* **WORK TO COMPLETE**
A verbatim repeat of the lines below is required, with the pictures removed.

* **DATA SECTION**
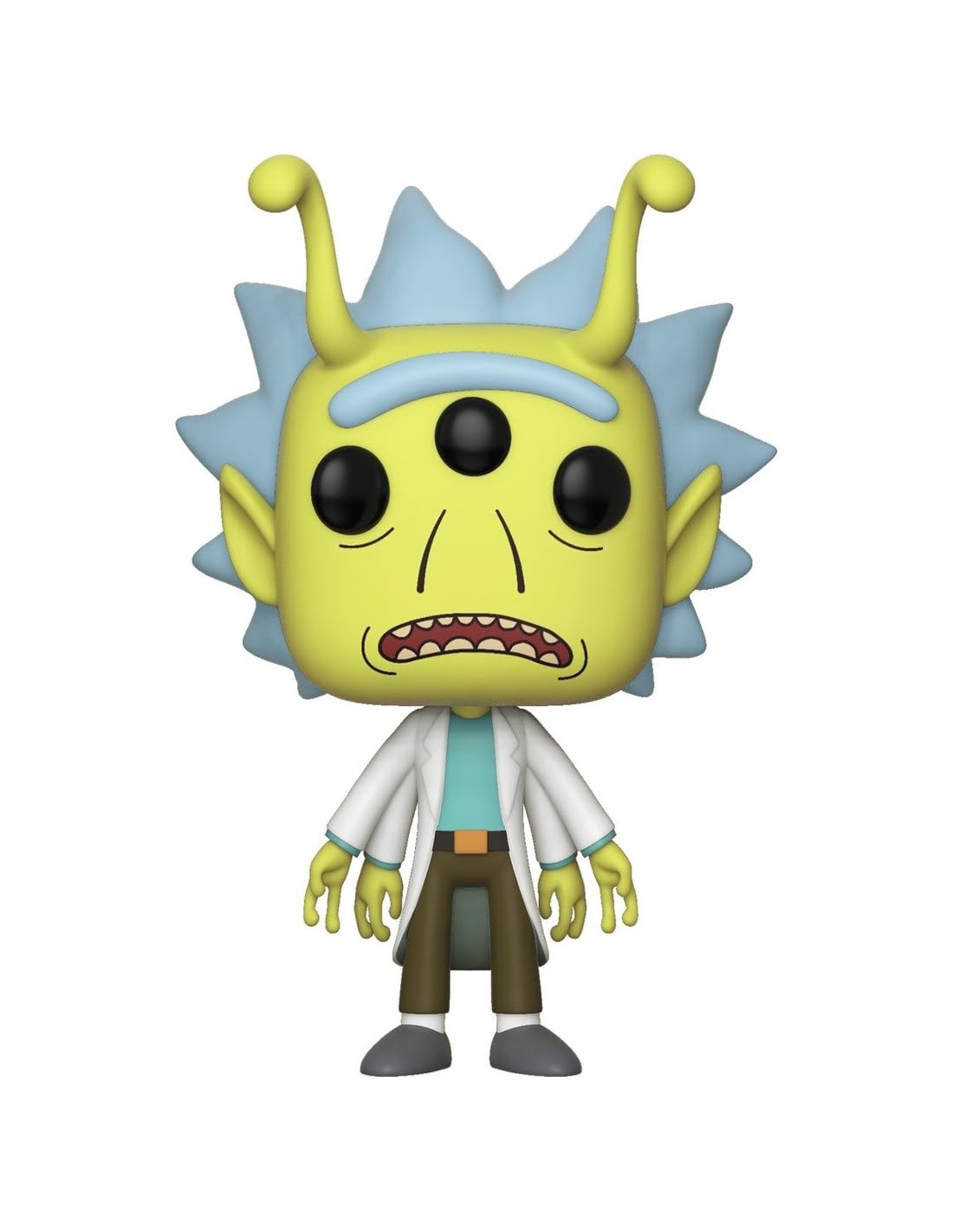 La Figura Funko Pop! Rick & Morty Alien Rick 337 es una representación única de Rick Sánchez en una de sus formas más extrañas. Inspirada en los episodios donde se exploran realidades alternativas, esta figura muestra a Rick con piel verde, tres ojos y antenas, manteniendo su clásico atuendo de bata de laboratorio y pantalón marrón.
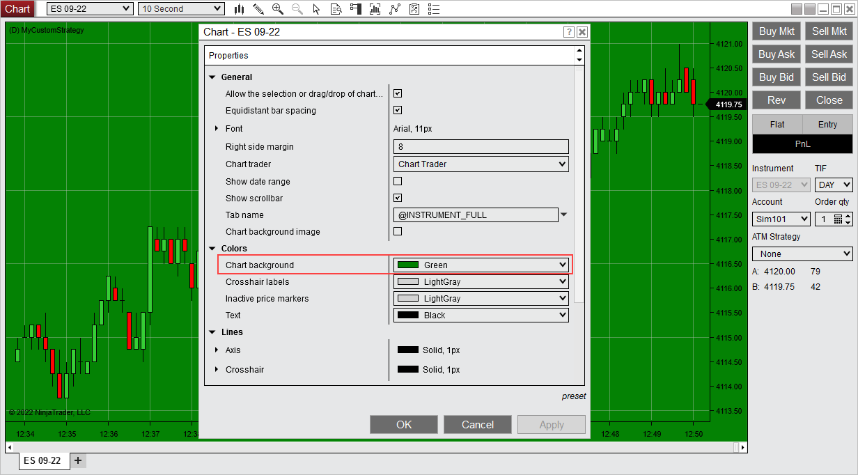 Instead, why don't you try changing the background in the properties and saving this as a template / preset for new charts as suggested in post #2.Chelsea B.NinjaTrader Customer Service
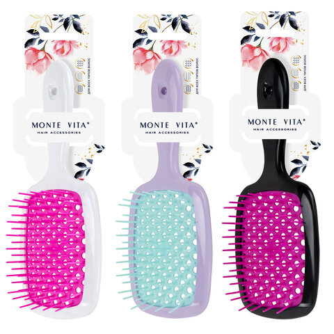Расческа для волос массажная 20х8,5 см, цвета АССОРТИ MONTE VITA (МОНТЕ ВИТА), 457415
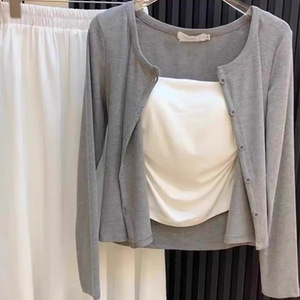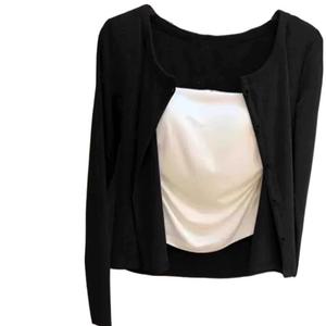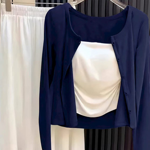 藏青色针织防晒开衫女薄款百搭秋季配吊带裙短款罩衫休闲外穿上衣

* **REPLY TO THE EXERCISE**
 La Figura Funko Pop! Rick & Morty Alien Rick 337 es una representación única de Rick Sánchez en una de sus formas más extrañas. Inspirada en los episodios donde se exploran realidades alternativas, esta figura muestra a Rick con piel verde, tres ojos y antenas, manteniendo su clásico atuendo de bata de laboratorio y pantalón marrón.
 Instead, why don't you try changing the background in the properties and saving this as a template / preset for new charts as suggested in post #2.Chelsea B.NinjaTrader Customer Service
Расческа для волос массажная 20х8,5 см, цвета АССОРТИ MONTE VITA (МОНТЕ ВИТА), 457415
 藏青色针织防晒开衫女薄款百搭秋季配吊带裙短款罩衫休闲外穿上衣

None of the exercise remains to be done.